The audit score went down again

TWH · August 31, 2024, 4:15pm

I noticed the node was still getting these errors and that the audit score went down again. After checking the logs, it looks like the audit download is failing. The nodes internet connection has been having issues lately, so the failed audits i am seeing could be unrelated to the migrate issue. Is anyone else having audit failures?

docker logs storagenode 2>&1 | grep GET_AUDIT | grep fail
2024-08-23T01:41:31Z    ERROR   piecestore      download failed {"Process": "storagenode", "Piece ID": "MGFDXEYZKSNRHPQYYZYDKFYYUUBCXID6CEOKWXV4RSE5G2JMDYEA", "Satellite ID": "121RTSDpyNZVcEU84Ticf2L1ntiuUimbWgfATz21tuvgk3vzoA6", "Action": "GET_AUDIT", "Offset": 652288, "Size": 256, "Remote Address": "34.124.214.89:43212", "error": "manager closed: read tcp 172.17.0.3:28967->34.124.214.89:43212: read: connection timed out", "errorVerbose": "manager closed: read tcp 172.17.0.3:28967->34.124.214.89:43212: read: connection timed out\n\tstorj.io/drpc/drpcmanager.(*Manager).manageReader:235"}
2024-08-23T01:43:19Z    ERROR   piecestore      download failed {"Process": "storagenode", "Piece ID": "DMSHEF5LQ4UPIJY23KW3L6P3SKIEYKECWYEP6RY6XZSPFTXFMMTQ", "Satellite ID": "121RTSDpyNZVcEU84Ticf2L1ntiuUimbWgfATz21tuvgk3vzoA6", "Action": "GET_AUDIT", "Offset": 1640448, "Size": 256, "Remote Address": "35.197.134.129:37419", "error": "manager closed: read tcp 172.17.0.3:28967->35.197.134.129:37419: read: connection timed out", "errorVerbose": "manager closed: read tcp 172.17.0.3:28967->35.197.134.129:37419: read: connection timed out\n\tstorj.io/drpc/drpcmanager.(*Manager).manageReader:235"}

Alexey · September 1, 2024, 5:54am

The audit score may fall, if the node has timeouts for GET_AUDIT requests, but for that it should be online and respond on audit requests but should be unable to provide a stripe from the piece within 15 seconds timeout.
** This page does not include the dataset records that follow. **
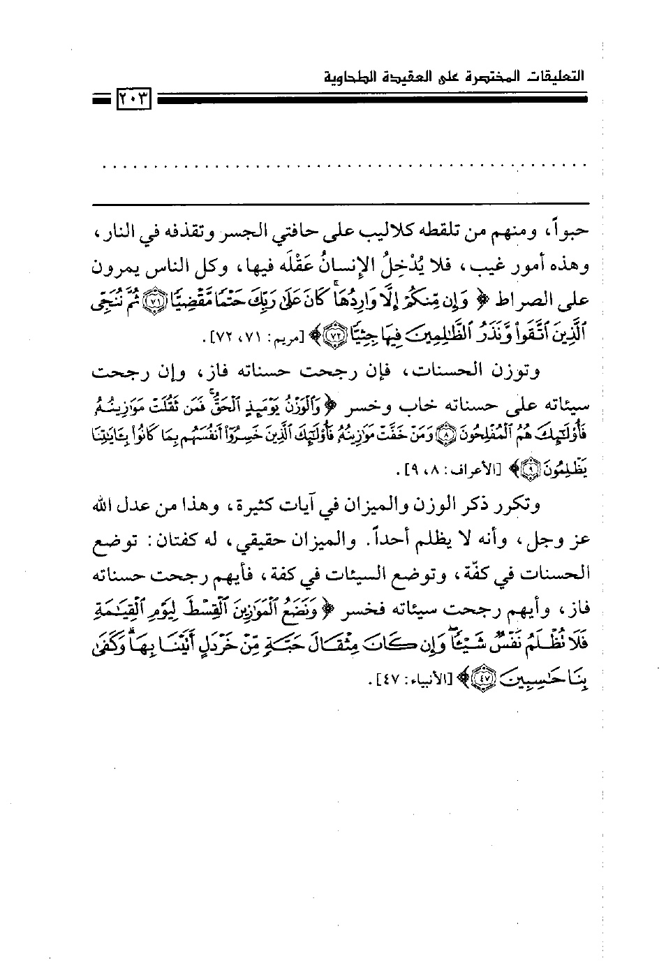 وتكرر ذكر الوزن والميزان في آيات كثيرة، وهذا من عدل الله عز وجل، وأنه لا يظلم أحداً. والميزان حقيقي، له كفتان: توضع الحسنات في كفّه، وتوضع السيئات في كفة، فأيهم رجحت حسناته فاز، وأيهم رجحت سيئاته فخسر (ونضع الموازين القسط ليوم القيامة فلا تظلم نفس شيئاً وإن كان مثقال حبة من خردل أتينا بها وكفى بنا حاسبين) [الأنبياء: 47] .
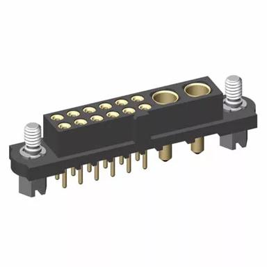 Hexagonal slotted jackscrews, 12 x signal and 2 x power contacts assembled for vertical PCB connection. 3mm length PC Tail signal contacts, 3.5mm length PC Tail power contacts.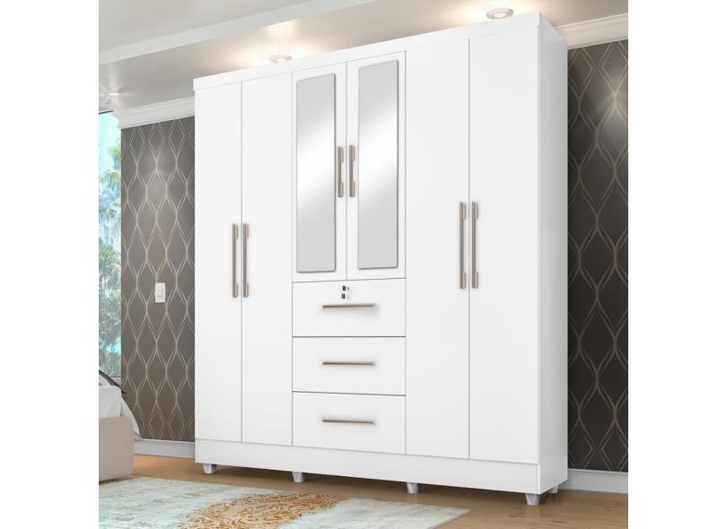 O menor preço encontrado no Brasil para Guarda Roupas Casal Com Espelho 6 Portas 3 Gavetas Com Pés Tokio Branco atualmente é R$ 879,12.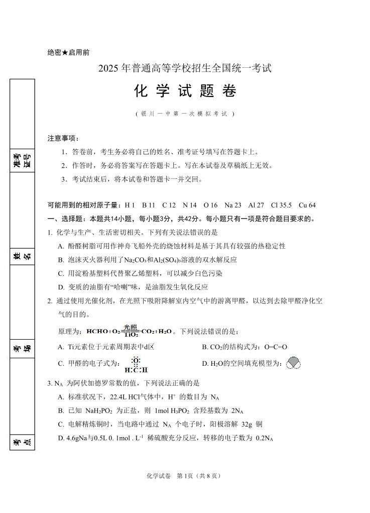 宁夏银川一中2025届高三下学期第一次模拟考试 化学.pdf
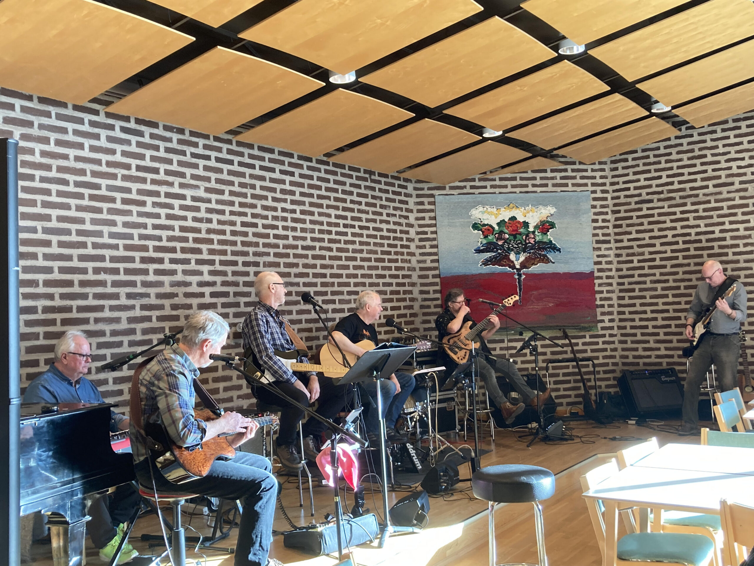 Dagens inbjudna gäster var hela sju spelglada musiker, Los Panchos, som tog i från tårna med ett antal rock- och countryrocklåtar från publikens ungdom på 1960-70-talet. Här var det bara att koppla ur hörapparaterna och stampa takten. Ett program som gav mersmak och vi hoppas kunna bjuda på det gänget flera gånger.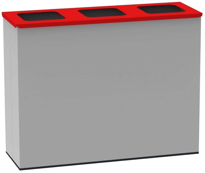 Hranatý stabilný kôš vhodný pre triedenie odpadu. Výška 700 x šírka 210 x hĺbka 210 mm, objem 28 l. Farba koša svetlosivá RAL 7035, veko s kruhovým vhozom o ø 150 mm v rôznych farbách pre rozlíšenie druhu odpadu. Len pre vnútorné použitie.

Such piece will be requested three more times by GET_REPAIR later. If all attempts would fail, the audit will be considered as failed.

Usually it’s a result of some hardware issues, where the node is able to respond, but unable to provide the requested piece. The readable check should crash the node in that case, unless you changed a readable check timeout from the default 1m0s to some very high value and now the node is unable to detect a hardware issue.

So the offline issue is unrelated, in that case the node will be unable to respond on the audit request to be able to fail it.